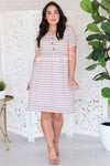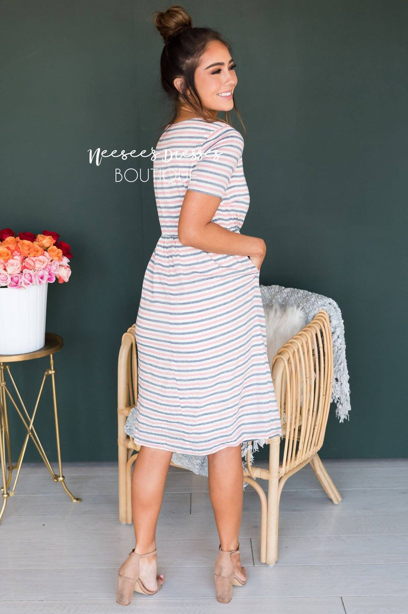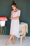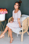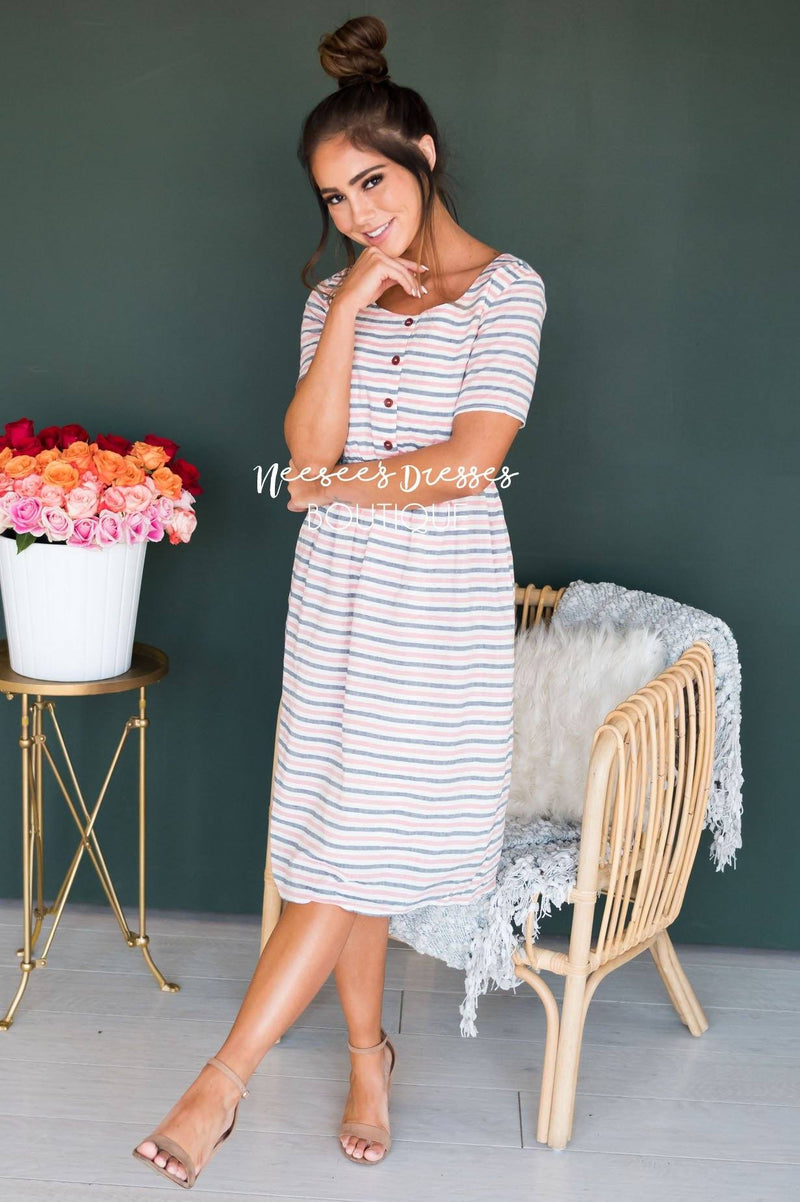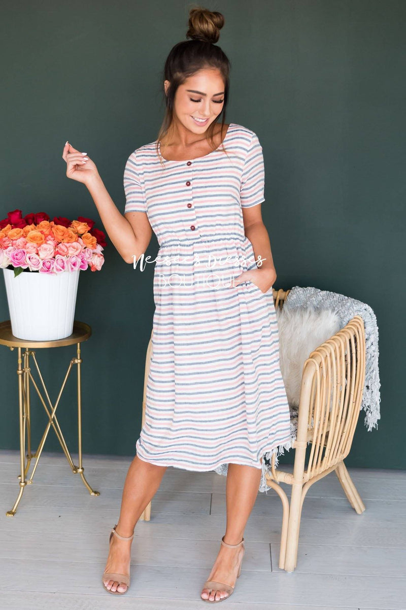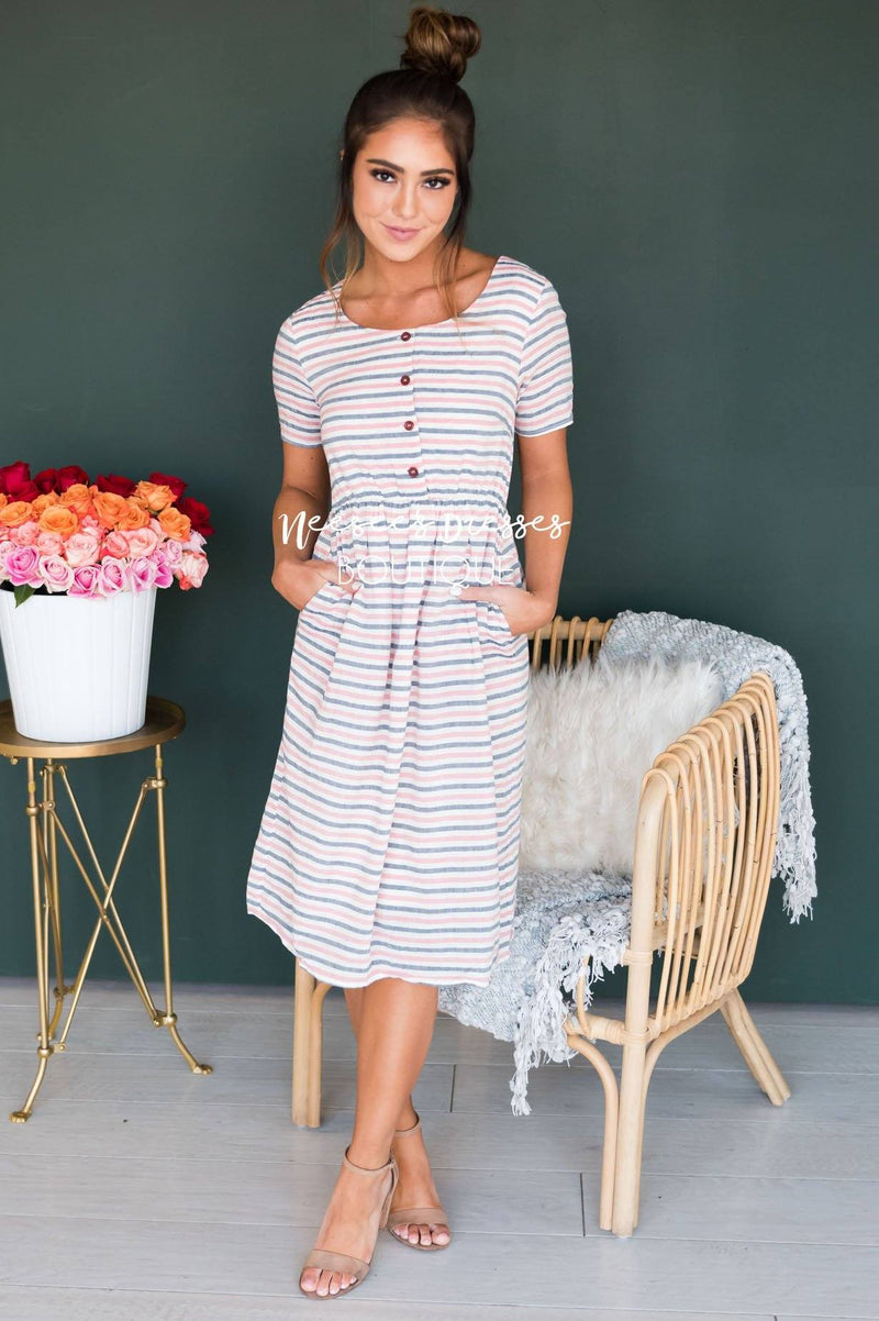 We are swooning over The Rivka this is going to be the sweetest dress you can find! Such a feminine feel from the color scheme which is absolutely perfect for Spring. The bodice features a gorgeous button down detail which is completely functional. This dress features a u-shaped neckline, elastic waistband, lined everywhere but arms and of course it has pockets! Perfect for all the nursing moms out there!
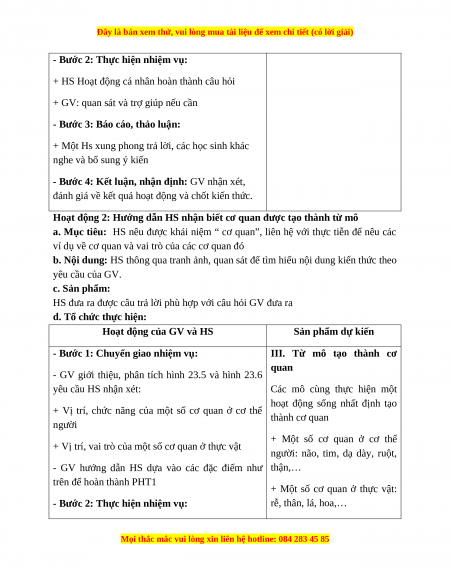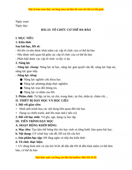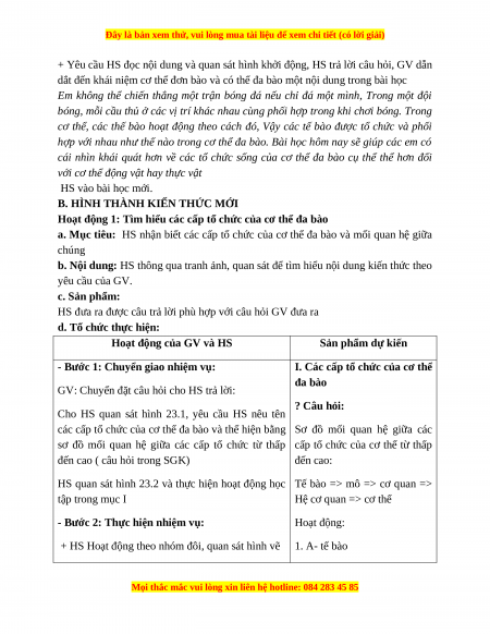 Giáo án Bài 23 KHTN 6 Kết nối tri thức (2024): Tổ chức cơ thể đa bào
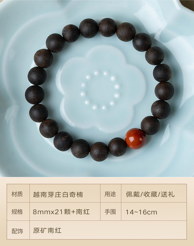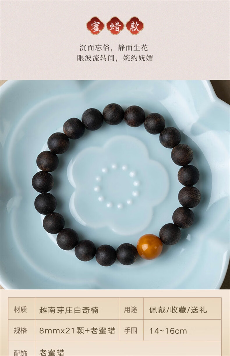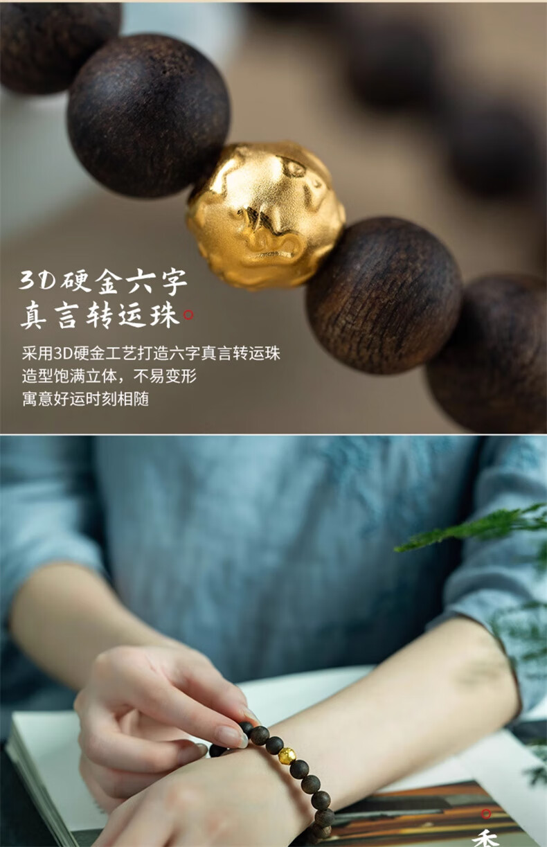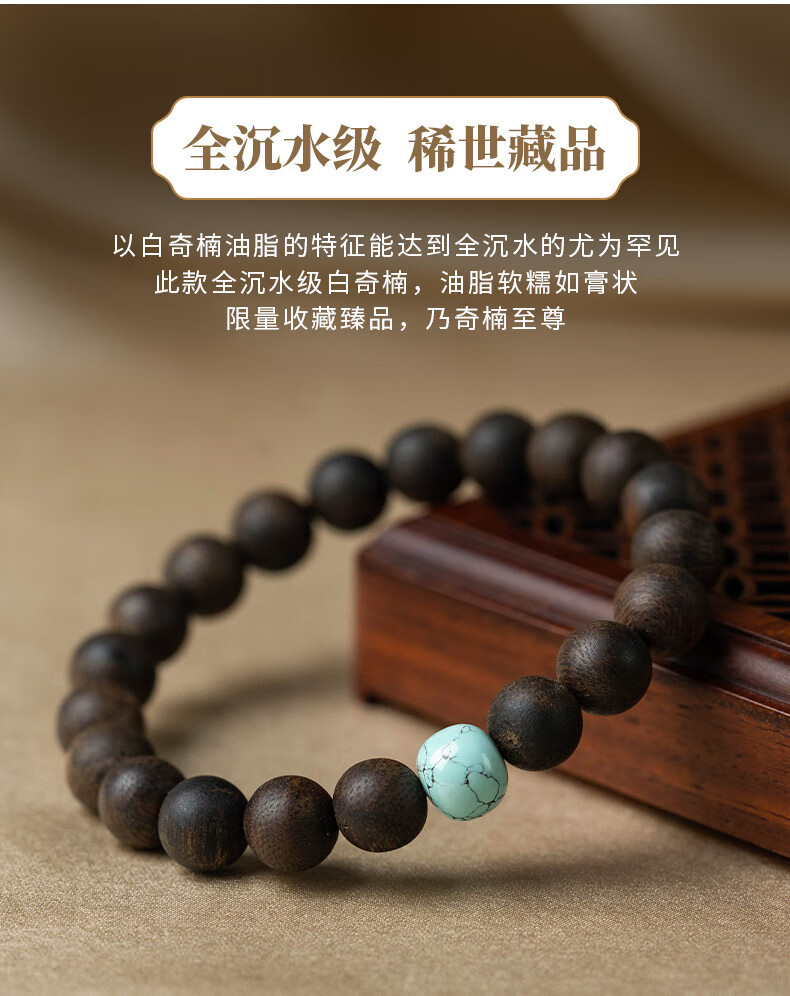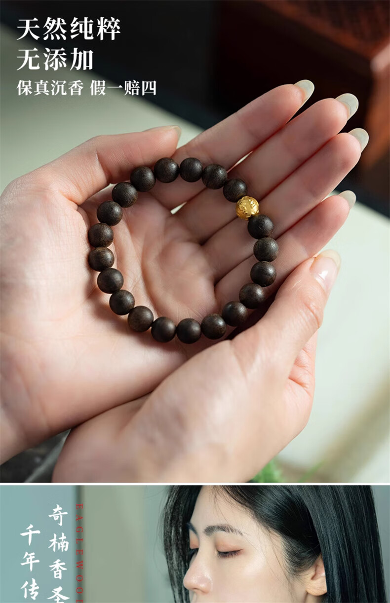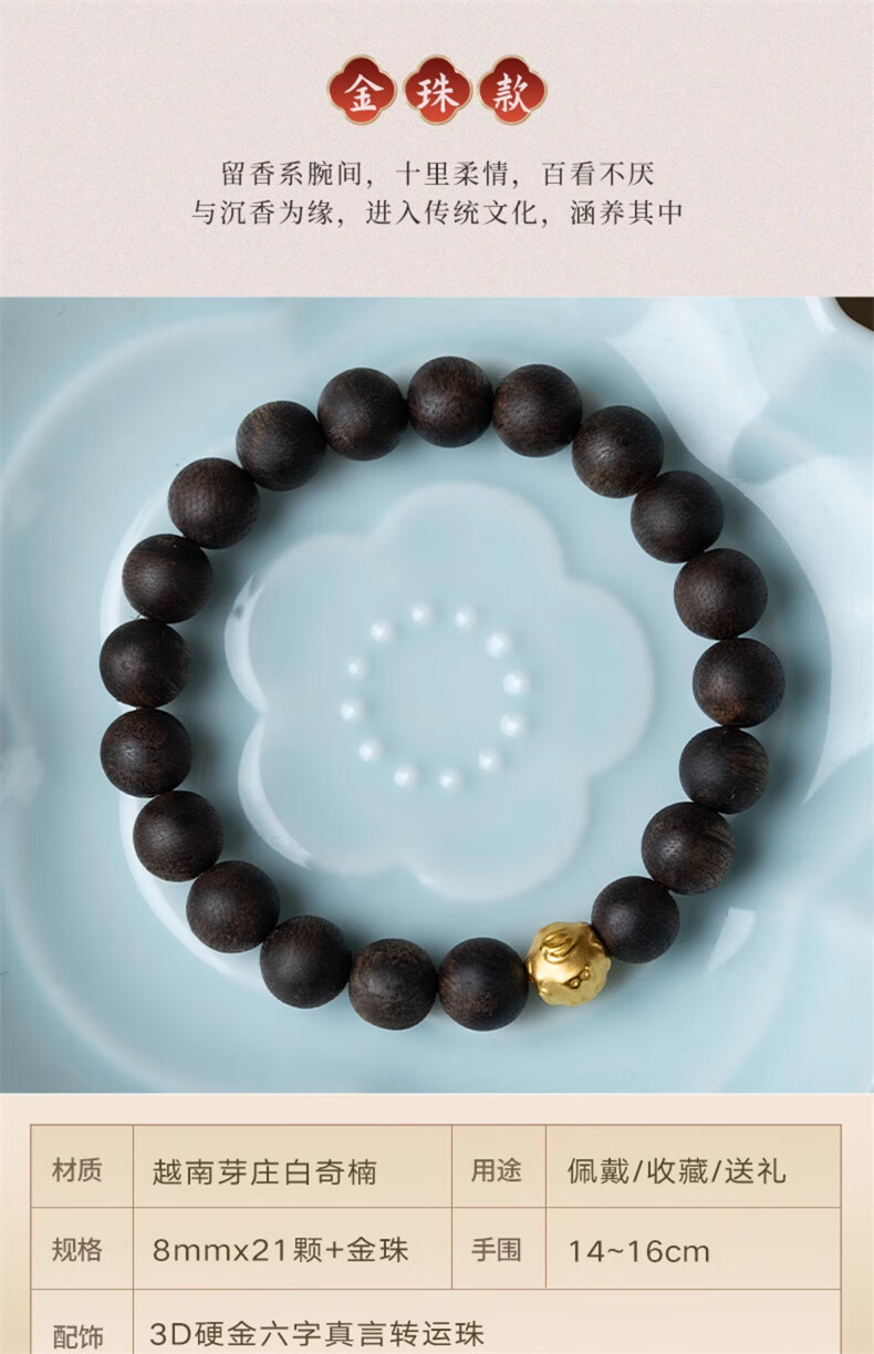 罗梅达尔天然沉香手串女越南芽庄白奇楠满油佛珠手串全沉水级手链生日礼物 全沉水级8mmx21颗+3D硬金转运珠

■ TASK TO CARRY OUT
Word for word, return the material above; the pictures stay out.

■ EXPECTED OUTPUT
 We are swooning over The Rivka this is going to be the sweetest dress you can find! Such a feminine feel from the color scheme which is absolutely perfect for Spring. The bodice features a gorgeous button down detail which is completely functional. This dress features a u-shaped neckline, elastic waistband, lined everywhere but arms and of course it has pockets! Perfect for all the nursing moms out there!
 Giáo án Bài 23 KHTN 6 Kết nối tri thức (2024): Tổ chức cơ thể đa bào
 罗梅达尔天然沉香手串女越南芽庄白奇楠满油佛珠手串全沉水级手链生日礼物 全沉水级8mmx21颗+3D硬金转运珠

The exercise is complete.